The Maoists have to be in the government also for their disarmament. If you have to integrate the militias in the institutions of the new state, and if they are not involved at the top level, why should they give up arms? Why should they join the national army if they are not a part of the nation-building process?

But there are many voices against integration too.

Jaffrelot: Yes, that’s a problem. That’s where you need to prove statesmanship. You need to put your sense of the state above these kinds of considerations. You have to try, you have to open up, and you have to take risks. Integrating Maoists into the Army is not as risky as keeping them out. Everybody has to make some concessions.

So are the Maoists more trouble outside the government than as a part of it?

Jaffrelot: If you can, before making a national government, set up a programme that is agreeable to everybody, compromise; and count out everything — the proximity to India included, if you do not want to alienate India by being too close to China — and find a middle way, then you will have consolidated and made progress (in the peace process). Else, you will have derailed the peace process. Think of Pakistan — it took 10 years to draft its constitution. Between 1947 and 1958, they tried and failed, and the army took over.

So, the stakes are so high that you must engage the Maoists, reach a compromise, set up a special programme, and start it together.

Should a new constitution be the highest priority?

Jaffrelot: Definitely, because then you will have the rules of the game. And if you make the rules together, those will be shared rules.

But in the face of recent ethnic assertions that are separated from the Maoists, do you think negotiating with the Maoists is the only solution?

Jaffrelot: We started with federalism. One can also weaken the Maoists by dealing with the various (ethnic) groups and giving them some form of autonomy. If you give the ethnic groups the autonomy they ask for, they will be on your side. They will be part of the state-building process. And it will also make things much easier to talk to the Maoists.

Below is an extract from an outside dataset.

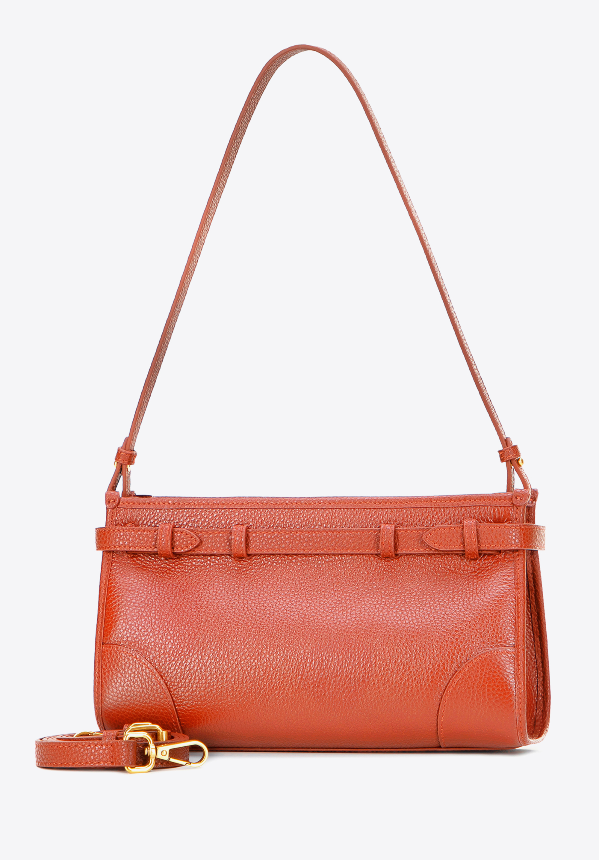 Відкрийте для себе цю сумку на плече, яка поєднує класичний дизайн із практичними функціями. Виготовлена з натуральної шкіри з ніжною зернистою текстурою, вона вирізняється елегантним оздобленням та довговічністю. Ремінець, внутрішня підкладка та дно виготовлені з екошкіри, яка чудово імітує шкіру, забезпечуючи легкість, комфорт та збереження форми навіть при щоденному використанні. Основне відділення з двома кишенями, включаючи одну на блискавці, допоможе організувати ваші необхідні речі, а декоративний ремінець із застібкою додає сучасного вигляду.

Are you saying that the ball is in older parliamentary parties’ court now?

Jaffrelot: They are the ones who have to take the initiative. If they wait and wait and wait, nothing good will happen per se by sui generis. So they have to take the initiative. The Army should also take initiative. They can’t just wait for things to improve by themselves.

A deeper polarisation between the parties is dangerous. But what can the Maoists do? They will not say we will do this or that. The state government must tell them, we want you back. If there is a deal we can make, let’s talk about it. Polarisation is not good. You cannot eradicate the Maoists militarily. If you want to do it, you may need the help of the Indian Army, and that would be a mess. That would be a total mess.

The immediate need is to talk, and to start a debate on what kind of constitution people want. Some middle ground can be found.